Perhaps I’m riding the high of a meaningless good stretch of baseball, but I’m feeling fairly optimistic that the Giants can cobble together a good bullpen next year around some combination of Miller, Brebbia, Hjelle, Rogers, Camilo Doval, Scott Alexander, Cole Waites, Alex Young, Thomas Szapucki, R.J. Dabovich, Gregory Santos, and Chris Wright. And that’s before getting to the patented Farhan Zaidi bullpen dumpster dives.
There were other signs of life that you can cling to if you’re looking at next season. David Villar had a two-hit day. Brandon Crawford continues to put together excellent at-bats, hitting a single and getting Oracle’d on a deep opposite-field fly ball. Mike Yastrzemski is looking more comfortable these days. Aaron Judge hit his 61st homer of the year.
There was also the beauty of baseball being weird. For that we turn to Joc Pederson. Prior to this series starting, Pederson had hit exactly 10 triples in his career, in 1,011 games.
And on Wednesday, for the second day in a row, Pederson hit a triple that allowed the great American muscle car that is Joey “HEMI” Bart to score from first base.
Joc Pederson Joey Bart
Speed demons pic.twitter.com/rLqrqRcqoT— SFGiants (@SFGiants) September 29, 2022
Catchers scoring from first is a top five event in baseball. I will not be taking questions on this at this time.
But while we were treated to an optimistic glimpse into the 2023 glass ball, we were also reminded that this was a late September game between two teams who will be watching the playoffs from their offseason homes.

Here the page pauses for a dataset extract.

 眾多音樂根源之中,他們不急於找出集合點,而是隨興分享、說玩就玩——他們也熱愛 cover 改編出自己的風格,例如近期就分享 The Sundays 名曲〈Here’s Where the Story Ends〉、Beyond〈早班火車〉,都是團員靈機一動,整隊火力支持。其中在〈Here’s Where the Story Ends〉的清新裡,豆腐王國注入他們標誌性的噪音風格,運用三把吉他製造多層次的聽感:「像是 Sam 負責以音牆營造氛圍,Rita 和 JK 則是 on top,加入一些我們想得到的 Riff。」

The Giants scored their first runs on a hilarious sequence of events. They had three straight singles to open the first inning, which should have scored just one run. But the throw from the outfield went a little wide of the cutoff man, and the multiple Rockies players who should have been backing up the play decided to play Candy Crush instead, allowing the ball to float, untended to, into the Giants dugout. A second run was told to come home and, after a review, the runner at first was sent to third, where he would later score.
In the next half inning, the Giants gave back one of those three runs with a quartet of freebies. Hjelle walked a batter. Then he threw a wild pitch. Then he fielded a comebacker and tried to get the lead runner at third — the right play — but Villar, when left with the multiple-choice question of “Should I catch this ball that’s thrown directly at me?” circled “No.” On the very next pitch, Hjelle fielded another comebacker, turned to second, saw both Crawford and Ford Proctor, got confused, panicked, and threw the ball to Yastrzemski instead.

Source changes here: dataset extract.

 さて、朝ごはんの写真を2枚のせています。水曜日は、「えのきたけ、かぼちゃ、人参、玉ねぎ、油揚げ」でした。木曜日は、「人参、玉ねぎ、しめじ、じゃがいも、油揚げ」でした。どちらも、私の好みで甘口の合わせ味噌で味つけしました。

Those are things that happen, especially this time of year. But the bigger picture is that, before we dive into the depressing offseason obituaries and grand tales about how the Giants almost signed Judge and almost re-signed Carlos Rodón, we got to feel optimistic about the future of Giants baseball.

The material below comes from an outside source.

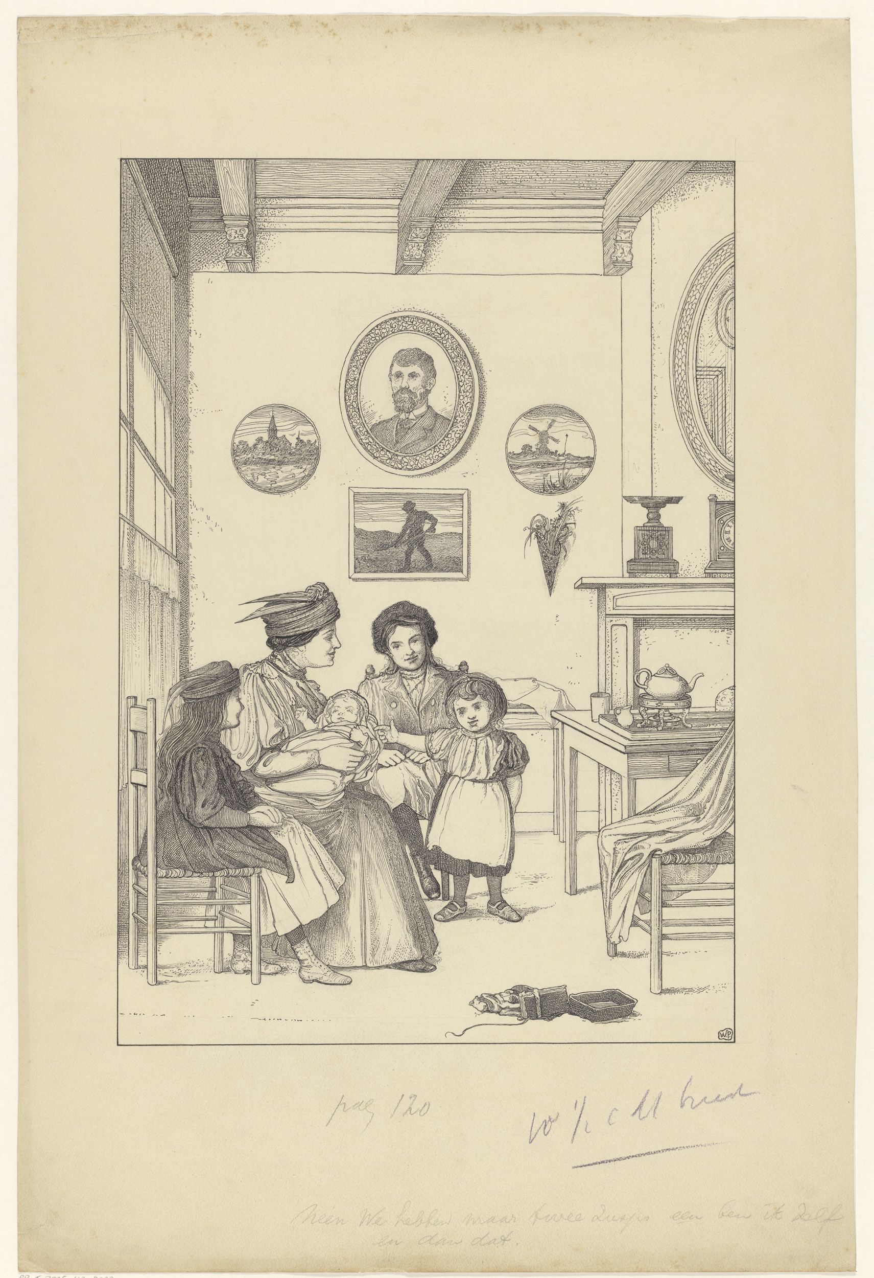 Man, vrouwen en kinderen in een zitkamer

Perhaps I’m hanging perilously from a thread with this, but I don’t care. It’s a random night in late September, and this time next week Giants baseball will be ripped away from me in heartless fashion.
I’ll take what I can get.
New enjoy Hjelle celebrating the first win of his MLB career.
Sean Hjelle got showered with just about everything in the clubhouse after his first big league win pic.twitter.com/u64y9LYP2K
— SF Giants on NBCS (@NBCSGiants) September 29, 2022
I’d like to drink a beer with that guy.